Try it
Although the records contain pictures, only their text should be repeated, exactly as it stands.

Source data START

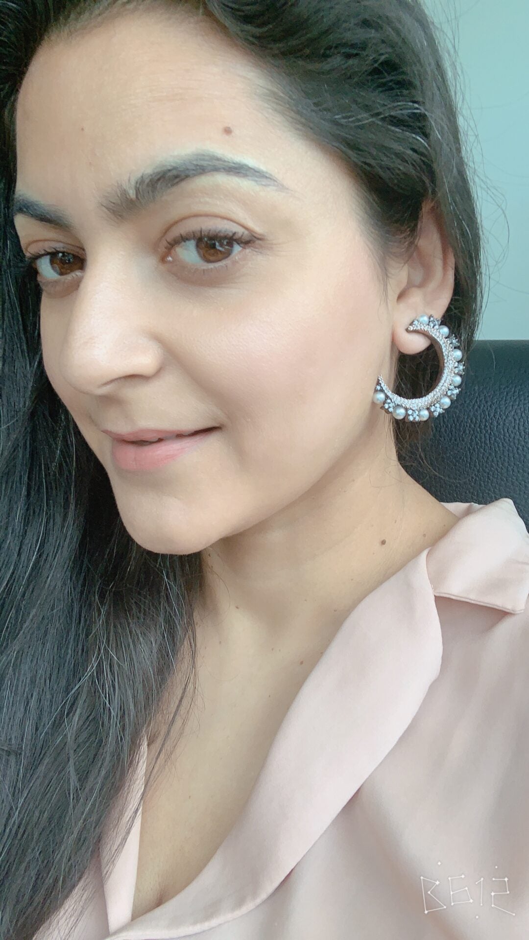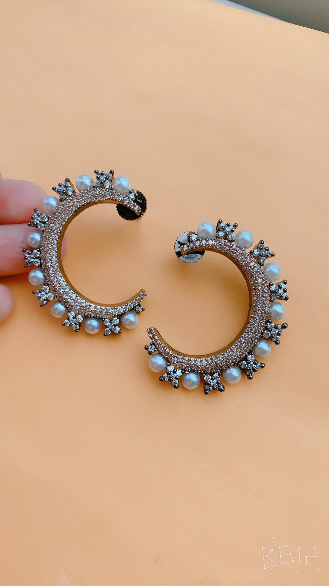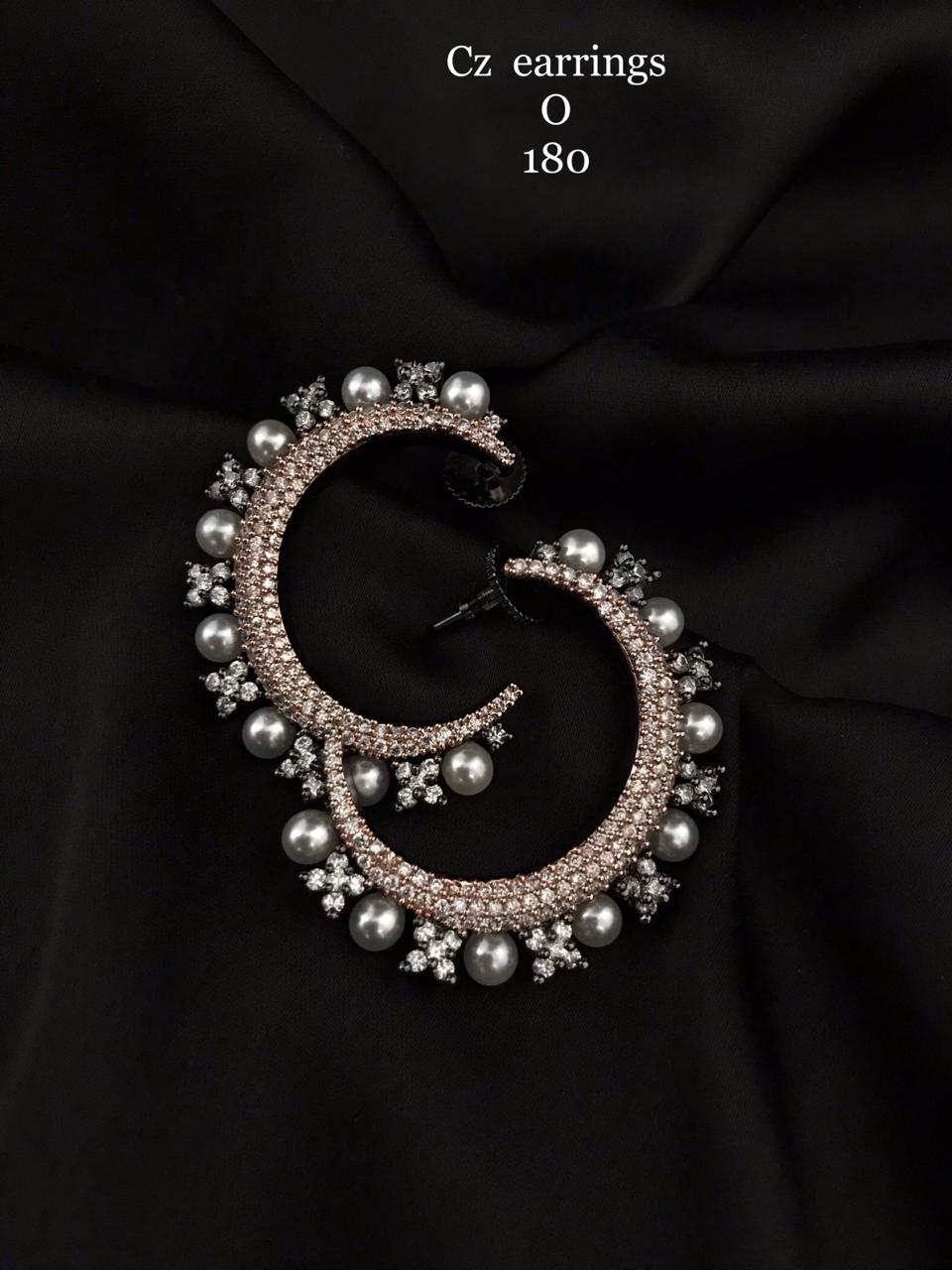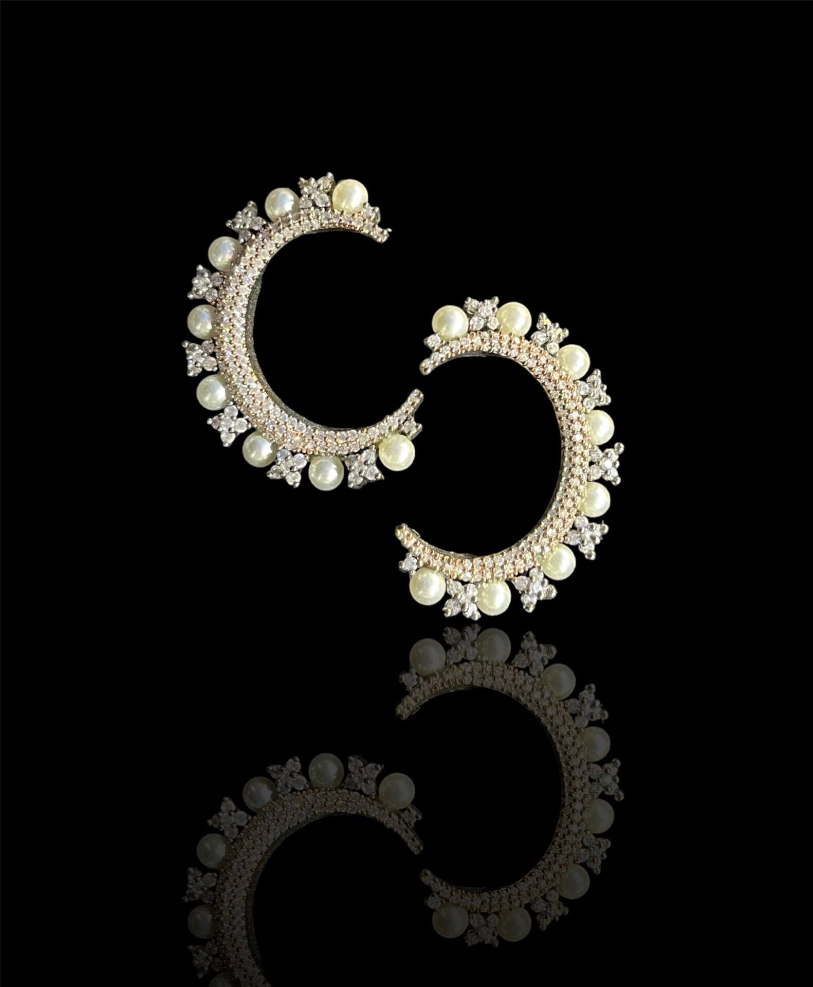 Crescent-shaped earrings adorned with pearls and shimmering stones, showcasing intricate craftsmanship and timeless elegance.
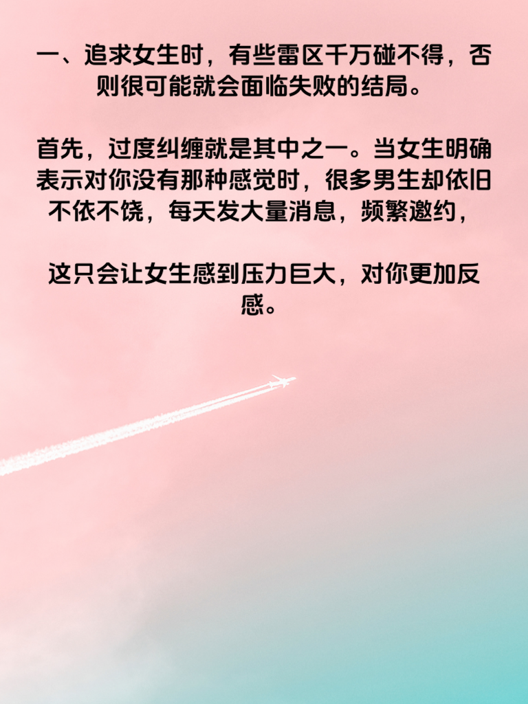 一、追求女生时,有些雷区千万碰不得,否则很可能就会面临失败的结局。首先,过度纠缠就是其中之一。当女生明确表示对你没有那种感觉时,很多男生却依旧不依不饶,每天发大量消息,频繁邀约,这只会让女生感到压力巨大,对你更加反感。 二、还有,不懂尊重她的生活和想法也是大忌。每个人都有自己的空间和喜好,如果你总是强行干涉她的决定,按照自己的意愿去安排她的生活,她会觉得失去了自由,从而对你产生抵触情绪。 三、再者,一味地讨好而没有自我也不可取。为了迎合女生,你放弃了自己的原则和底线,什么都顺着她,这样会让你逐渐失去自身的魅力。女生往往会欣赏有主见、有个性的男生,而不是毫无原则的附庸。所以,追求女生时一定要避开这些雷区,用正确的方式去赢得她的芳心。
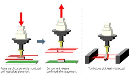 Since the laser is mounted on the head, it can be used to monitor the presence of components the entire time from pick to placement. This is difficult to accomplish with vacuum detection only. The placement reliability is also improved because the release of the component is confirmed after placement.
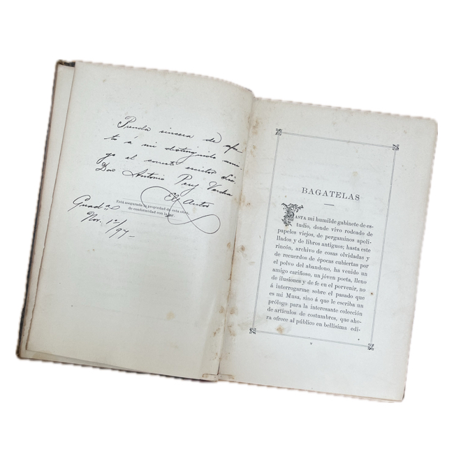 8º. xvi, 276 p. Holandesa de época; tapas presentan desgaste visible, pero la encuadernación firme; ex libris en guarda. Página de título impresa a dos tintas, dedicatoria manuscrita del autor (f. 1897). Los textos dentro de marco ornamental, manchas de óxido menores
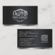 This bold and modern auto repair business card features a sleek metallic 3D style design with a polished auto mechanic logo that instantly communicates professionalism and hands‑on expertise. The brushed black background and chrome‑style emblem give the card a rugged, industrial look that stands out and reflects the strength and reliability of your automotive services. The back includes your name, contact information, phone number, email, and website, and a QR code for scanning for making it easy for customers to reach you when they need fast, dependable auto repair.
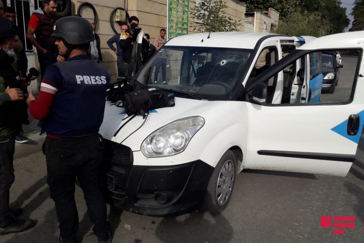 Azərbaycan Dövlət Televiziyasının maşını da atəşə məruz qalıb.
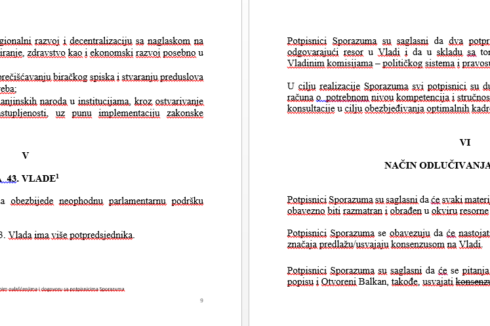 Kod stavki Temeljni ugovor, Otvoreni Balkan i Zakon o popisu, kod opozicije je navedeno da će se odluke donositi konsenzusom, dok je u inoviranom dokumentu navedeno “da će se odluke za ova tri pitanja usvajati uz ranije postignut što širi dogovor”.
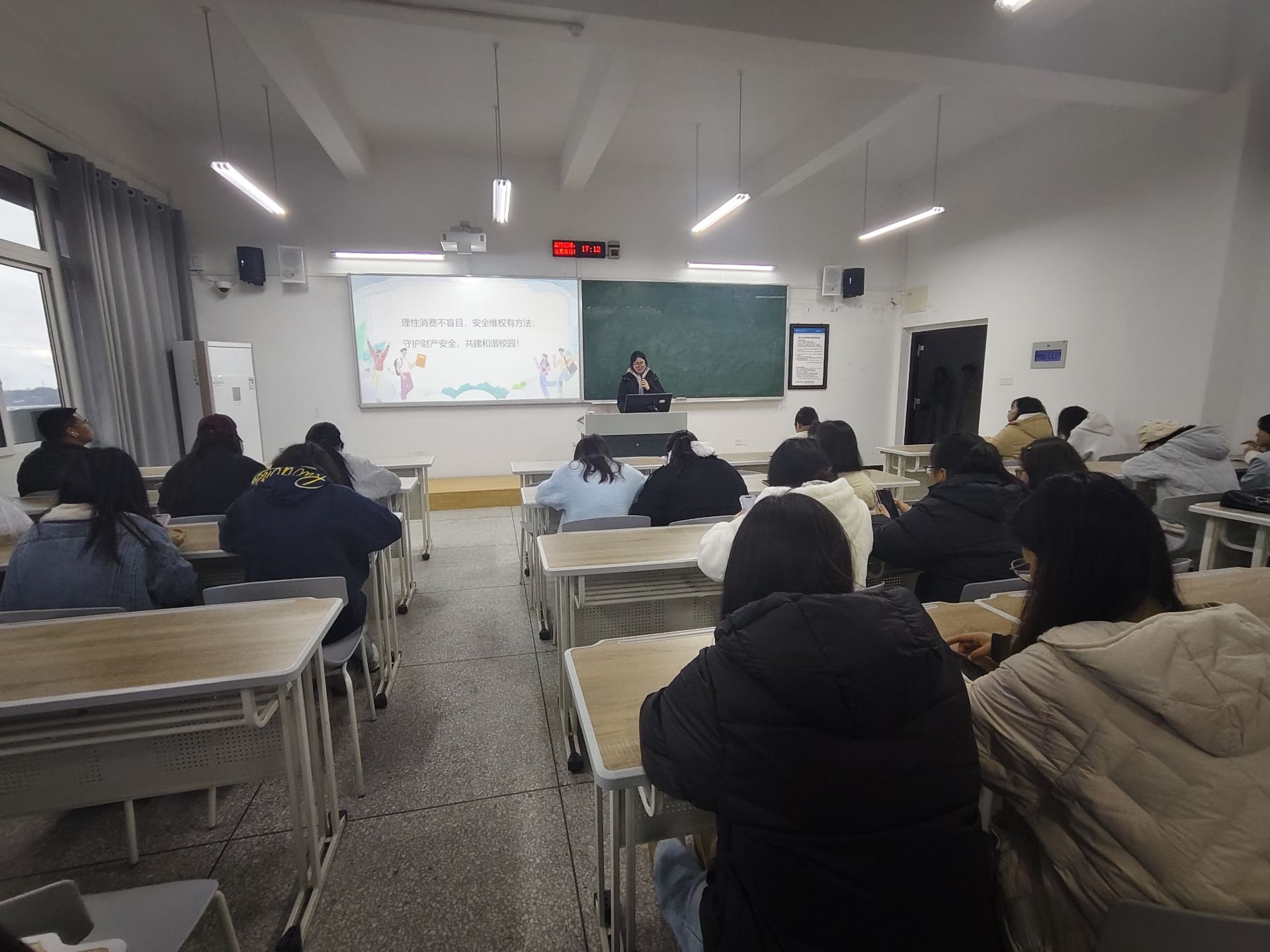 各年级辅导员结合学生生活实际,分析了当前大学生消费特点,通过真实案例解析了校园贷、网购诈骗、兼职陷阱等常见消费陷阱,传授了保护个人信息、理性辨识促销等风险规避技巧,普及了消费维权法律知识,指导学生在权益受损时有效保留证据、依法维权,倡导全体学生树立量入为出、绿色健康的科学消费观。
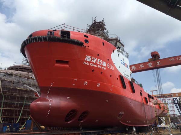 由南通豪通船務(上海事業(yè)部)在上海振華重工承接總包搭載工程的中海油服三艘6500HP油田守護供應船,其中第一艘船“海洋石油630”于8月31日拖移接駁,成功下水。

Source data END

Task response
 Crescent-shaped earrings adorned with pearls and shimmering stones, showcasing intricate craftsmanship and timeless elegance.
 一、追求女生时,有些雷区千万碰不得,否则很可能就会面临失败的结局。首先,过度纠缠就是其中之一。当女生明确表示对你没有那种感觉时,很多男生却依旧不依不饶,每天发大量消息,频繁邀约,这只会让女生感到压力巨大,对你更加反感。 二、还有,不懂尊重她的生活和想法也是大忌。每个人都有自己的空间和喜好,如果你总是强行干涉她的决定,按照自己的意愿去安排她的生活,她会觉得失去了自由,从而对你产生抵触情绪。 三、再者,一味地讨好而没有自我也不可取。为了迎合女生,你放弃了自己的原则和底线,什么都顺着她,这样会让你逐渐失去自身的魅力。女生往往会欣赏有主见、有个性的男生,而不是毫无原则的附庸。所以,追求女生时一定要避开这些雷区,用正确的方式去赢得她的芳心。
 Since the laser is mounted on the head, it can be used to monitor the presence of components the entire time from pick to placement. This is difficult to accomplish with vacuum detection only. The placement reliability is also improved because the release of the component is confirmed after placement.
 8º. xvi, 276 p. Holandesa de época; tapas presentan desgaste visible, pero la encuadernación firme; ex libris en guarda. Página de título impresa a dos tintas, dedicatoria manuscrita del autor (f. 1897). Los textos dentro de marco ornamental, manchas de óxido menores
 This bold and modern auto repair business card features a sleek metallic 3D style design with a polished auto mechanic logo that instantly communicates professionalism and hands‑on expertise. The brushed black background and chrome‑style emblem give the card a rugged, industrial look that stands out and reflects the strength and reliability of your automotive services. The back includes your name, contact information, phone number, email, and website, and a QR code for scanning for making it easy for customers to reach you when they need fast, dependable auto repair.
 Azərbaycan Dövlət Televiziyasının maşını da atəşə məruz qalıb.
 Kod stavki Temeljni ugovor, Otvoreni Balkan i Zakon o popisu, kod opozicije je navedeno da će se odluke donositi konsenzusom, dok je u inoviranom dokumentu navedeno “da će se odluke za ova tri pitanja usvajati uz ranije postignut što širi dogovor”.
 各年级辅导员结合学生生活实际,分析了当前大学生消费特点,通过真实案例解析了校园贷、网购诈骗、兼职陷阱等常见消费陷阱,传授了保护个人信息、理性辨识促销等风险规避技巧,普及了消费维权法律知识,指导学生在权益受损时有效保留证据、依法维权,倡导全体学生树立量入为出、绿色健康的科学消费观。
 由南通豪通船務(上海事業(yè)部)在上海振華重工承接總包搭載工程的中海油服三艘6500HP油田守護供應船,其中第一艘船“海洋石油630”于8月31日拖移接駁,成功下水。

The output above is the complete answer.